Cydniey Buffers (cydniey) wrote,
Cydniey Buffers
cydniey

catharsis

i made the decision today. and i finally told doc. it's time to walk away from this while he is still young. i'm not going to get what i want out of this relationship, and i can't handle any more pretending/trying.

this leaves me with the ultimate choice. staying in a loveless marriage that is going downhill, or give up my worldly possessions and pets and finding a long term group home that i can just trade my SSI check for room/board.

the only places on the web are resort type places for the rich to go and get away from it all. that's not what i'm talking about. and i know it. i'm talking about spending the next thirty some years living with crazy strangers in a stranger's home with no money or freedom or possessions. giving up my art entirely. maybe being able to keep some of my notebooks and keep writing.

so when i see my doctor in two weeks, i will ask him to come up with some recommendations. if i have to, i will go stay in the hospital long enough to hook up with a social worker.

i should be able to get food stamps once doc and i are divorced. so i can contribute that to wherever i end up living.

i just don't know what i'm going to do with all of the animals. and i have to get my paperwork from SSI changed over to another guardian, presumably the owner of the group home i'll be living in.

thanks to the bedbugs, everything cloth i own is garbage, so no problem getting rid of my stuffed animals and tigger collection and vintage clothes. it's just stuff, right. my art supplies i can sell off on ebay and give the cash to doc to finish out my rent for the lease here. though it may take until the end of the lease to get the paperwork sorted out. doc can keep all of my electronics, and whatever books and trinkets he wants. the rest gets thrown away. i don't even have any friends to give it away to.

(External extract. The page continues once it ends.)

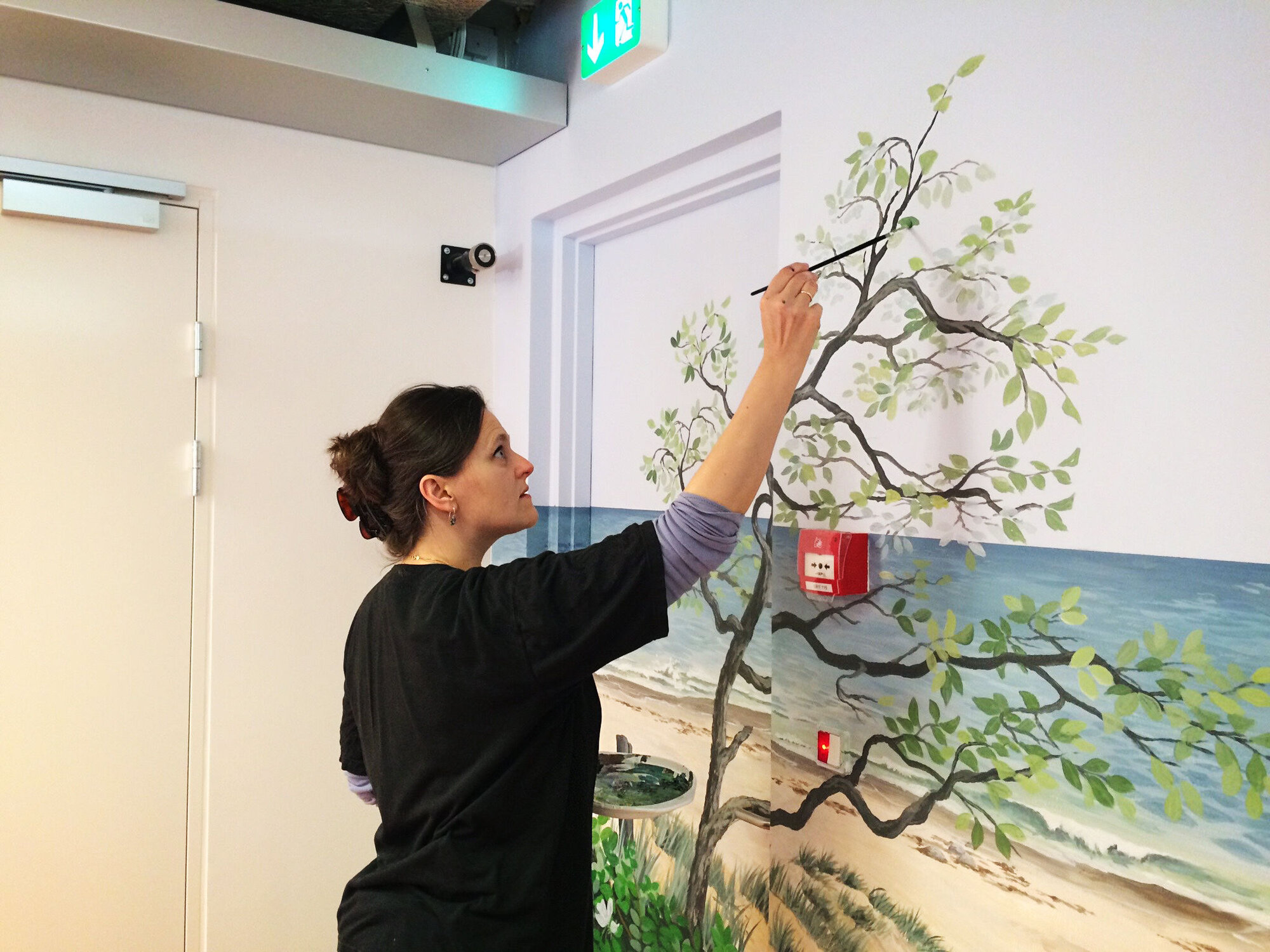 Kunstner Lena Heegaard maler på dører for å forhindre at demente vandrer av gårde. Så langt har hun malt omtrent 75 dører på ulike sykehjem i Danmark.

this is by far and away the most terrifying thing i have ever had to do. but it has to be done before this goes any further. i'm sick and bloody tired of waiting around for the people who are supposed to love me to actually love me. i just want to be alone.

in a semi-related note, i am committing Twitter-cide. Making my account inactive. Signing in as Circus Catimus and not reading, just posting as the animals for as long as i have them for. my last hurrah. i guess i should work on the photo book and see if maybe that can sell (HA!) and get me the money i'm going to need for doc.